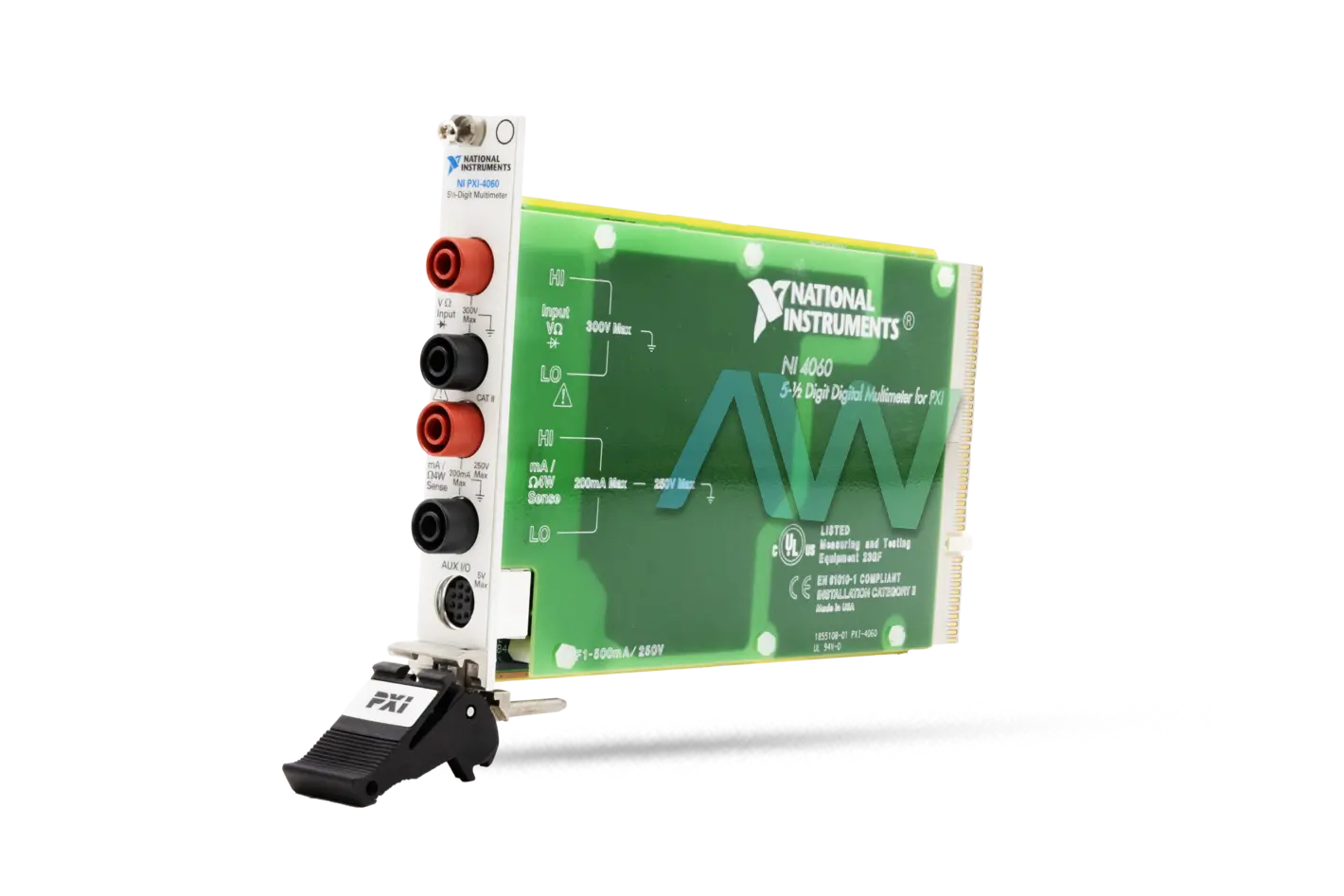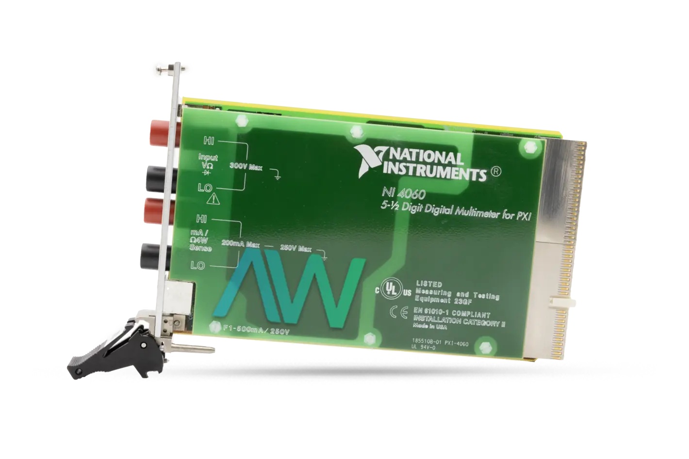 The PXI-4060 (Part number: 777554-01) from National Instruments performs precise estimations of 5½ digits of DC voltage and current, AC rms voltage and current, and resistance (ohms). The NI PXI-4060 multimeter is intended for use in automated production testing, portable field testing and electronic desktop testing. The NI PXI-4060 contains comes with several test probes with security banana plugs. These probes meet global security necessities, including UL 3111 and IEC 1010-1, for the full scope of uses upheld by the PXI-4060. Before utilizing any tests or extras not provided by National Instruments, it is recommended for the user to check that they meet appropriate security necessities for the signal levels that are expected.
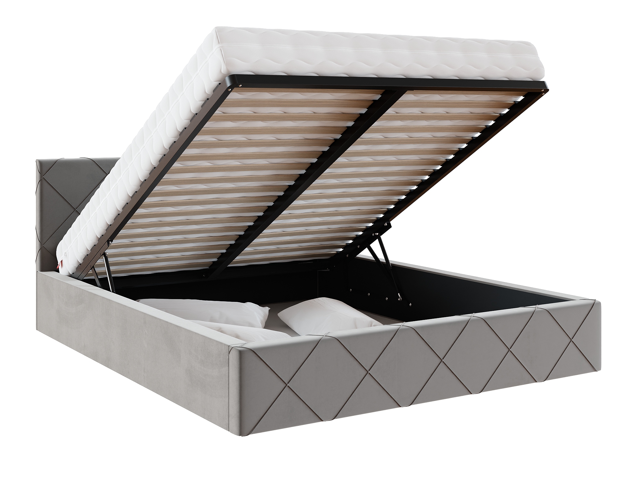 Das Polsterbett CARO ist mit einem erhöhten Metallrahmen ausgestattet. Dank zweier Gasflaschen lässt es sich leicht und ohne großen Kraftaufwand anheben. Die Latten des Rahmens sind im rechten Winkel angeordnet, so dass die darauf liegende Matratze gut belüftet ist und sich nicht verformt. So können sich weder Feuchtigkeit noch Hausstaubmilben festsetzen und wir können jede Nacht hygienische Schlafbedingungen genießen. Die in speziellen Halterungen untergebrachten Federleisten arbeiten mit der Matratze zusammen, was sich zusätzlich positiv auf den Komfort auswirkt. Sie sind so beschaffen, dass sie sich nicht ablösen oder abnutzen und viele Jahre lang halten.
_ _ _ _
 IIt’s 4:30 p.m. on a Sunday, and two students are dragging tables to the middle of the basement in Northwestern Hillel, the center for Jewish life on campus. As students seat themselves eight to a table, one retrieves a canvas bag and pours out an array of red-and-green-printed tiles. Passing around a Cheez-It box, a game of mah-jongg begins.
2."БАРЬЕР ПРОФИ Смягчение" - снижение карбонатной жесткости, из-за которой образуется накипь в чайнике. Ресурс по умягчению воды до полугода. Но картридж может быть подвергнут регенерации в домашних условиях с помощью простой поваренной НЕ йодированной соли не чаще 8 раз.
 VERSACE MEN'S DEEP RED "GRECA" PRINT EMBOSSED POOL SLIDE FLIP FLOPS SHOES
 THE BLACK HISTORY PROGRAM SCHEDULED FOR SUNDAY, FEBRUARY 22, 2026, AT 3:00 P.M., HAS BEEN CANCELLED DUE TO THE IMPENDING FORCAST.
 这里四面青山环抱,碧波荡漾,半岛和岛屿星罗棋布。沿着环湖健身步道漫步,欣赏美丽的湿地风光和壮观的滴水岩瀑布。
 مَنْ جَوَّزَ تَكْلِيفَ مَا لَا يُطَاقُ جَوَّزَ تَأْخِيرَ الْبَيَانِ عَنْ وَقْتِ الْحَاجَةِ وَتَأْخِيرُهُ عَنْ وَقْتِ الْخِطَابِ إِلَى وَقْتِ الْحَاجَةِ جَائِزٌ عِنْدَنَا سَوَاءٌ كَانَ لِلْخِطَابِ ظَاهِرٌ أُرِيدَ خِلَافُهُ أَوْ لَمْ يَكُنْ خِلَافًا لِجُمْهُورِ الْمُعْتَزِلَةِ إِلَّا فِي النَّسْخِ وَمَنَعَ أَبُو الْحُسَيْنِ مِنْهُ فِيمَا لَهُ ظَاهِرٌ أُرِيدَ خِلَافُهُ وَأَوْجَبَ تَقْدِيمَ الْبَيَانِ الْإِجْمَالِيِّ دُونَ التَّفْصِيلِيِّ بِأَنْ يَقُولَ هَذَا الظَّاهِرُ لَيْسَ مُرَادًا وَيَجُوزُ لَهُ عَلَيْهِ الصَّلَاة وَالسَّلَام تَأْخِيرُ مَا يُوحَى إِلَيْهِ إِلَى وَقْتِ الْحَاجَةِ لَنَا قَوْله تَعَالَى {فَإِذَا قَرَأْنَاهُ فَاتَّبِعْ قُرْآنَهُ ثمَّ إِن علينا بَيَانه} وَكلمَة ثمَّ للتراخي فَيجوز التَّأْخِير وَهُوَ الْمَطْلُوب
_ _ _ _
▶ REQUIRED ACTION
Produce a word-for-word copy of everything above from the line holding "THE BLACK HISTORY" down to the line holding "这里四面青山环抱,碧波荡漾,半岛和岛屿星", with both of those lines kept.

▶ WRITTEN RESPONSE
 THE BLACK HISTORY PROGRAM SCHEDULED FOR SUNDAY, FEBRUARY 22, 2026, AT 3:00 P.M., HAS BEEN CANCELLED DUE TO THE IMPENDING FORCAST.
 这里四面青山环抱,碧波荡漾,半岛和岛屿星罗棋布。沿着环湖健身步道漫步,欣赏美丽的湿地风光和壮观的滴水岩瀑布。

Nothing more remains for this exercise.